Он кивнул, вроде бы ему было приятно.
– У тебя и папа какой-то знаменитый. Пишет для «Сан». Он писал про ваши хоккейные матчи.
Улыбка сползла с лица Сола Он опустил глаза на свои рваные ковбойские сапоги Теперь уже никто не носит ковбойские сапоги, так чего ж я стою и думаю, что на нем они отлично смотрятся? Что это самые классные сапоги, которые я в жизни видела? И почему, почему у него такой вид, как будто я только что дала ему тычка в живот?
– Извини, я что-то не то ляпнула?
Сол покачал головой и потом, глядя прямо в серое небо, произнес:
– Точно, я сын Саймона Боуэна, – как будто признал свое поражение.
Он протянул руку, и, когда я ее пожала, между нами вдруг проскочила вспышка.
– Соломон, сын Саймона, – сказал он, снова широко улыбаясь.
– Жизель, сестра звезды спорта Холли.
– Жизель, – сказал он, и мое имя заполнило пространство между нами, – любительница хоккея и коктейля «Пурпурный Иисус» в девятом классе.
– Соломон, непобедимый защитник «Солнечной долины».
Я вспомнила, как в первый год в старших классах смотрела, как Сол гоняет по льду, дожидалась конца, чтобы мельком глянуть на него, когда он выходил из раздевалки с прилипшими ко лбу влажными волосами. 0н был один из тех немногих мальчиков этого возраста, которых я могла терпеть, который мне почти нравился. Я вспомнила, как однажды, пока мы с Джоанной ждали ее братьев в мини-вэне, я спросила ее, почему Сол никогда не бывает на танцах и вечеринках. Она сказала что-то вроде: во-первых, Сол по вероисповеданию иудей; во-вторых, он ходит в какую-то хипповую центральную школу, где круглые сутки все сидят и курят травку и изучают буддизм: а в-третьих, не кажется ли мне, что я перепила «Пурпурного Иисуса»

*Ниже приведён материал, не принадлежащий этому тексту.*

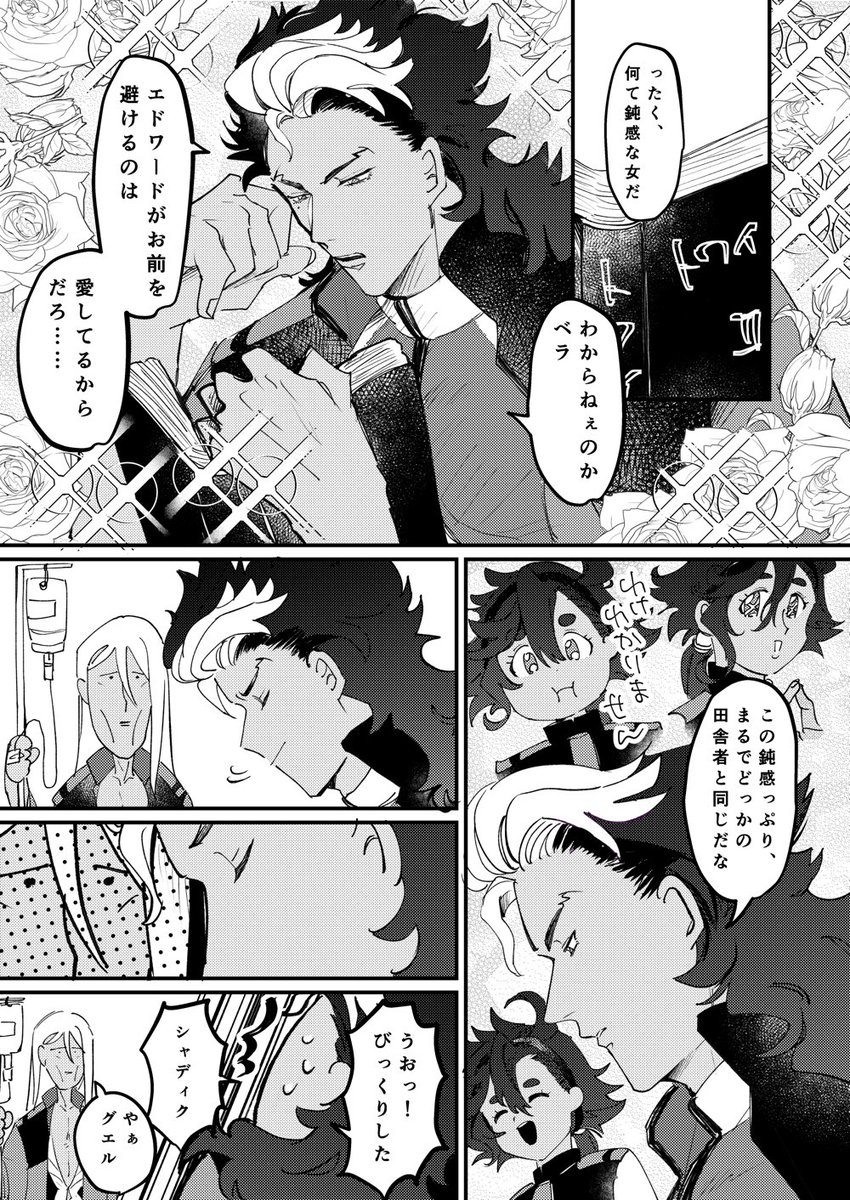 799 2963 愛読書が「トワ〇ライト」なロマンチックグエルくんと失恋直後のシャディクの漫画(グエスレと言い張る) ⚠9話の直後に描き始めて放置してたやつ 22/12/22 20:43
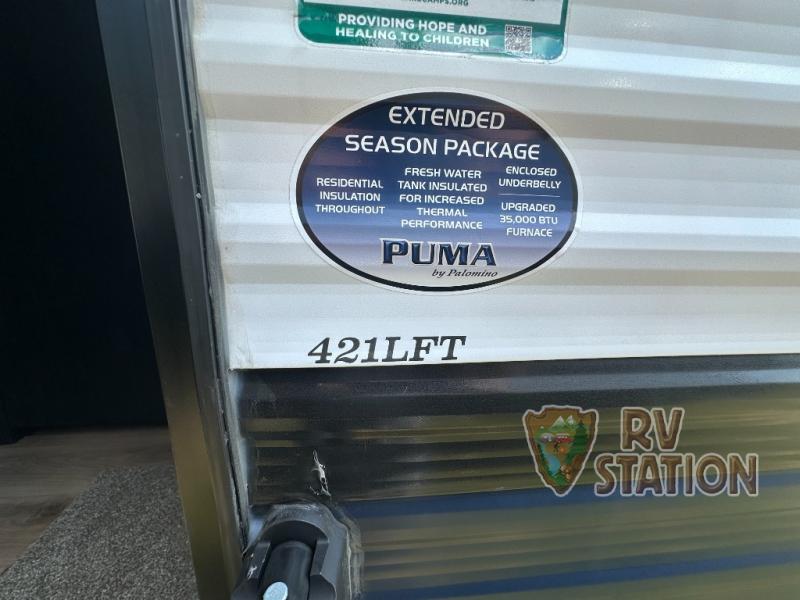 Introducing the 2026 Palomino Puma Destination 421LFT Park Model, the ultimate choice for those seeking a luxurious and spacious home away from home. This stunning RV is designed for comfort and convenience, featuring a length of 43 feet, making it perfect for extended stays or full-time living. With its sleek design and modern amenities, the Puma Destination 421LFT is your ticket to a life of adventure and relaxation. Step inside to discover a beautifully appointed interior with a generous living space. The open-plan living area boasts a comfortable seating arrangement, including a plush sofa and a cozy dinette, perfect for family meals or entertaining guests. The fully equipped kitchen features high-end appliances, including a large refrigerator, microwave, and oven, along with ample counter space and storage. The master bedroom offers a queen-sized bed and plenty of wardrobe space, ensuring a restful night's sleep. Additionally, the loft area provides extra sleeping quarters, making it ideal for families or visitors. The Puma Destination 421LFT is not just about comfort; it's also built for practicality. With a robust construction and high-quality materials, this RV is designed to withstand the elements and provide years of reliable service. The exterior includes a large awning for outdoor enjoyment, while the interior is equipped with efficient heating and cooling systems to keep you comfortable in any climate. Whether you're parked by a serene lake or nestled in the mountains, the 2026 Palomino Puma Destination 421LFT Park Model is your perfect retreat. Don't miss the opportunity to own this exceptional RV and start your journey today!
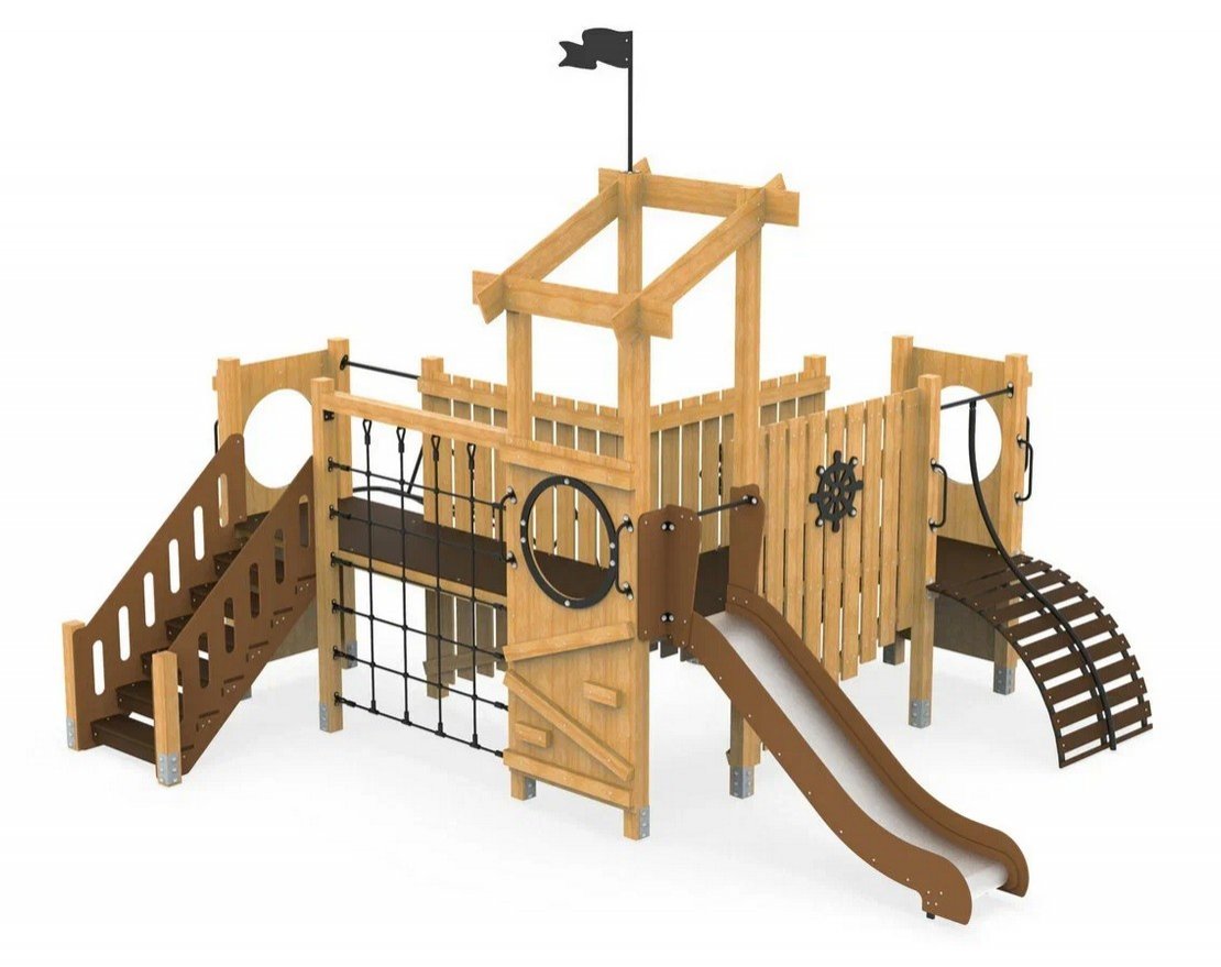 Комплекс представляет собой сборную конструкцию, состоящую из опор, настила, горки и других элементов. Опоры выполнены из бруса хвойных пород, а настил — из фанеры. Скат горки изготовлен из нержавеющей стали. Все металлические детали имеют оцинкованное покрытие, а пластиковые заглушки защищают от попадания влаги.
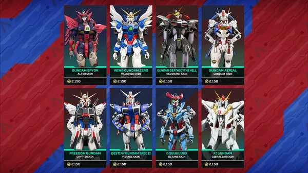 O evento Gundam Apex Legends também traz oito skins jogáveis, transformando lendas do jogo em versões inspiradas em Mobile Suits clássicos:
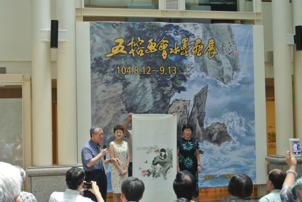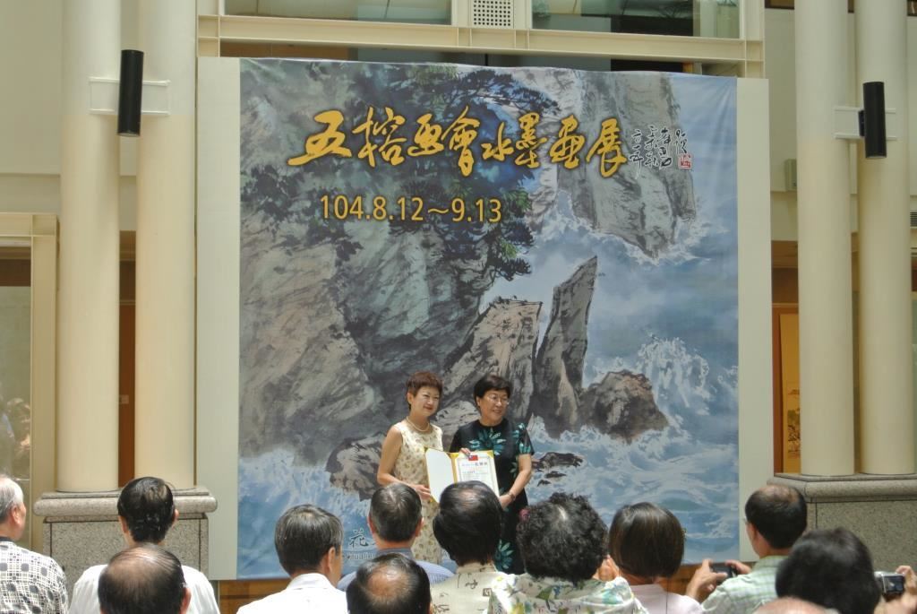 蘇峰男教授介紹雷涵琳理事長贈送文化局之畫作
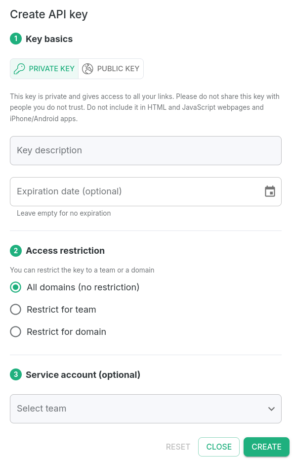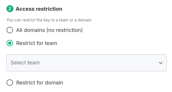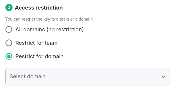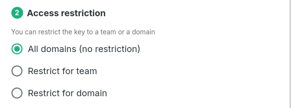 - select the API key access level - All domains (no restriction), Restrict for team or Restrict for domain
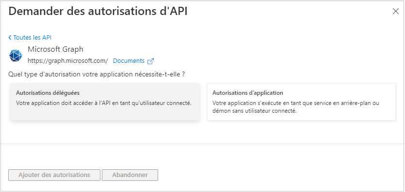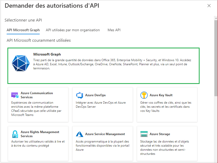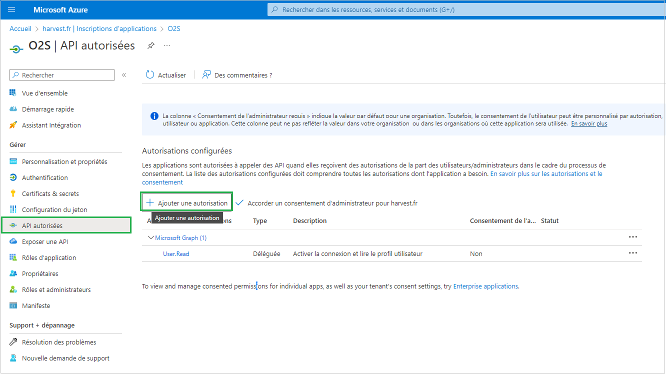 Dans le menu latéral de Microsoft Azure, cliquez sur API autorisées puis sur + Ajouter une autorisation.
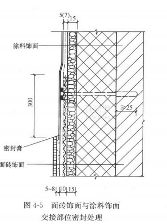 面磚飾面與涂料飾面交接部位防水密封處理,如圖4-5所示。
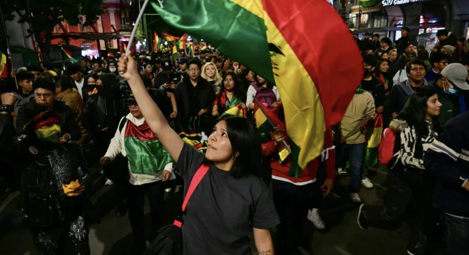 Con banderas bolivianas y al grito de "fraude", los manifestantes intentaron ingresar a la plaza de armas, donde se encuentra el palacio de gobierno y el congreso. La policía los dispersó sin que se reportaran incidentes.

Чего никогда не говорят о любви с первого взгляда, или не любви, а увлечении, или как это вообще называется, – это то, что она приводит в ярость. В ту минуту, когда я стояла на холоде о дверях больницы, у меня появилось желание ударить Соломона в лицо, быстро и жестко. И подавила это желание, подумав, что и так свихнусь, все равно, уйдет он или останется.
– Можно угостить тебя чашкой кофе? – спросил он. У меня ушло несколько секунд на то, чтобы перестроиться.
– Конечно, только как же твое запястье?
– А что запястье? – сказал Сол, суя сломанную руку в карман куртки.
– Разве его не надо показать врачу?
– Оно и так уже сломано.
В кафе я забылась и напополам с Солом слопала три печенья с кусочками шоколада, и мы смеялись, вспоминая хоккей и гостиную в доме Маринелли, желто-коричневую, в стиле семидесятых.
– Я слышал, – говорит он во время паузы, допив остаток черного эспрессо, – что ты то ли попала в больницу, то ли что-то в этом роде.
Моя улыбка вдруг превращается в посмертную маску. Я скалюсь так, что зубам становится больно. И вдруг вспышка: ее лицо в окне, отраженное в нашу сторону. Как я могла ее забыть? Как я могла забыть, что ношу ее с собой повсюду?
Ее лицо забинтовано. Глаза закатились, рот застыл в смехе. Пряди волос, похожие на электроды на лакричных ремешках, опасно разлетелись в стороны: они угрожают приклеиться к голове Сола. Она готовится вонзить в него свои зубы и высосать жидкость из его мозгов.
– Что случилось? – спрашивает он, дотрагиваясь до моей руки. – Извини, мне что, не надо было об этом заговаривать?
– Да нет, ничего, просто… Откуда ты узнал? Что про меня говорят?
«Все знают. Все знают, какая ты безвольная эгоистка».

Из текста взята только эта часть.